● **Records contained in a dataset**:

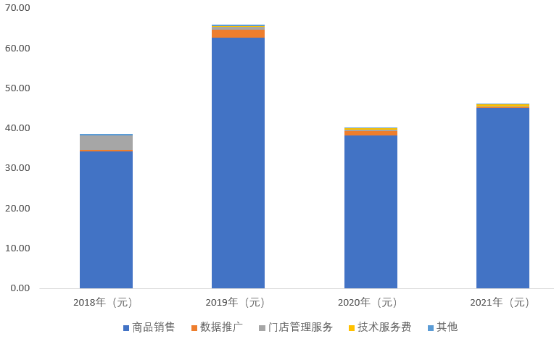 壹玖壹玖——目前收入構成中,商品銷售、技術服務費、門店管理服務、數據推廣、其他,分別占比98.10%、1.13%、0.46%、0.18%、0.13%。
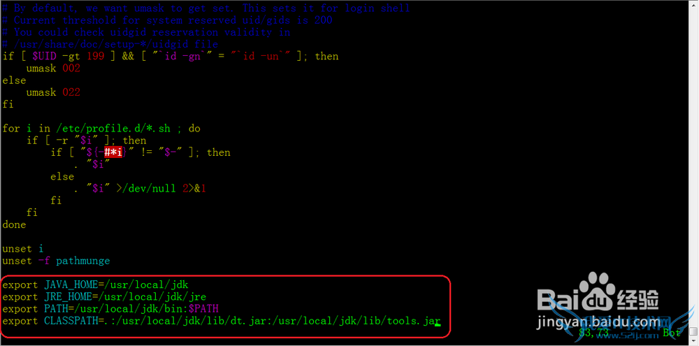 接下来也是一下设置系统参数:vim /etc/profile,编辑profile文件,在profile文件底部加上JAVA_HOME,PATH,CLASSPATH,JRE_HOME等即可
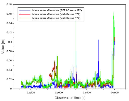 In a multi-vector RTK-OTF positioning model, the aircraft coordinates are determined for a single baseline according to Equation (1), and then the resultant value of the aircraft position is calculated separately for each XYZ component. The mathematical model is based on the arithmetic mean method according to Equation (3). The aircraft coordinate values along the XYZ axis are summed and then the resultant value is calculated. The mathematical model in Equation (3) is devoid of measurement weights, so the precision of aircraft coordinates determined from a single baseline is assumed to be equal.
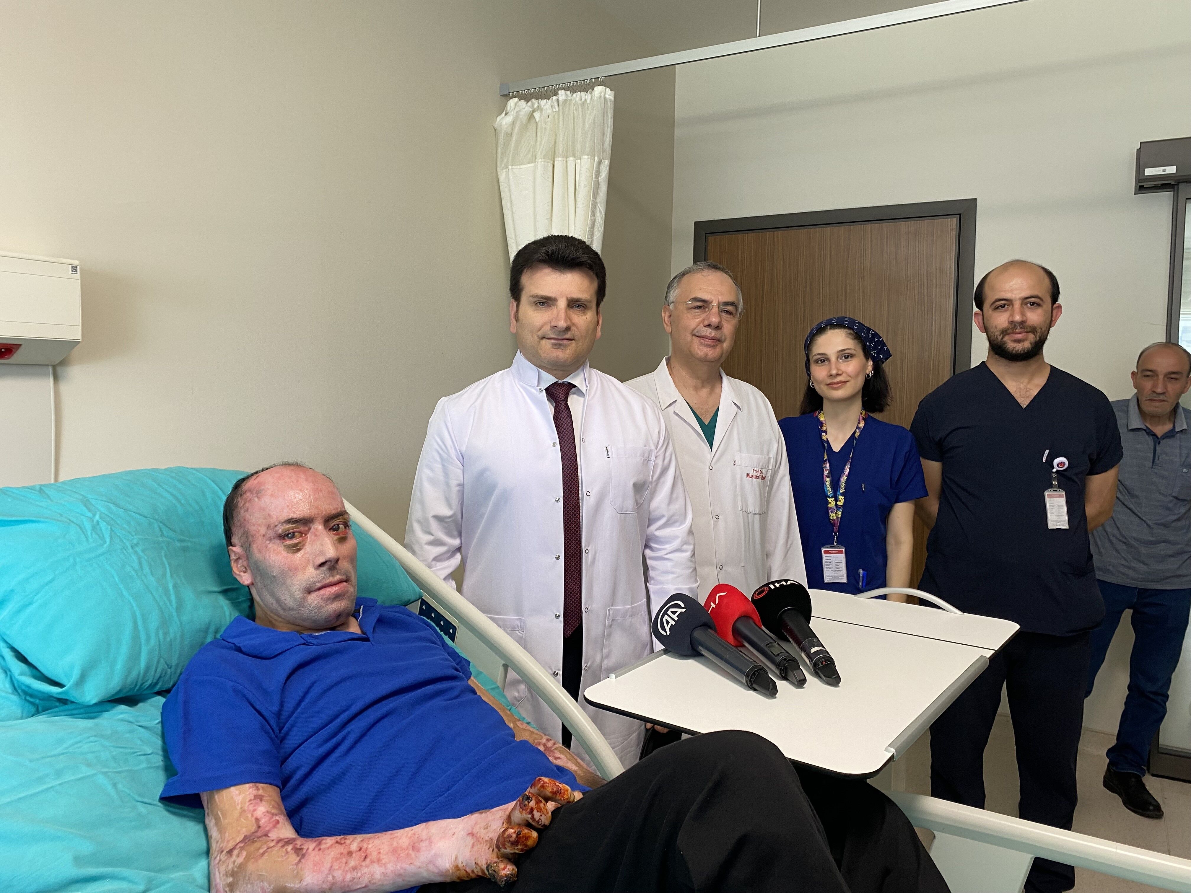 Yüzde 90’a ulaşan yanık vakalarında ölüm oranlarının çok yüksek olduğunu ifade eden Başakşehir Çam ve Sakura Şehir Hastanesi Yanık Tedavi Merkezi Sorumlusu Prof. Dr. Mustafa Turan, Ak’ı taburcu edebilmenin mutluluğunu yaşadıklarını ifade etti. Prof. Dr. Turan, “8 ay önce çok ağır yaralı bir durumda hastanemize kabul edilmişlerdi ve yüzde 90 civarında ağır yanıkları söz konusuydu. 4,5 ay kadar uyutuldu, şu ana kadar toplamda 140 civarı orta, küçük, büyük ölçekte ameliyatlar gerçekleştirildi. Sonuçta da sağlığına kavuşmuş bir vaziyette taburculuğunu gerçekleştiriyoruz, memleketlerine gönderiyoruz. Literatür olarak ölüm oranları çok yüksek olan yanık grupları, ufak plastik cerrahi eksikleri var. Çok ciddi kırıkları da vardı, onlarda burada düzeltmiş oldu, kontrollerini daha sonra yaptıracağız” ifadelerini kullandı.
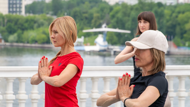 В жаркую погоду лучше выбрать статические нагрузки с паузами для отдыха и восполнения жидкости. Например, йога или неинтенсивные упражнения, которые обычно выполняются при разминке.

● **Exercise brief**:
This exercise asks for an exact copy of the lines from the first one in the data through the line that contains "接下来也是一下设置系统参数:vim /e", pictures excluded.

● **Output for this task**:
 壹玖壹玖——目前收入構成中,商品銷售、技術服務費、門店管理服務、數據推廣、其他,分別占比98.10%、1.13%、0.46%、0.18%、0.13%。
 接下来也是一下设置系统参数:vim /etc/profile,编辑profile文件,在profile文件底部加上JAVA_HOME,PATH,CLASSPATH,JRE_HOME等即可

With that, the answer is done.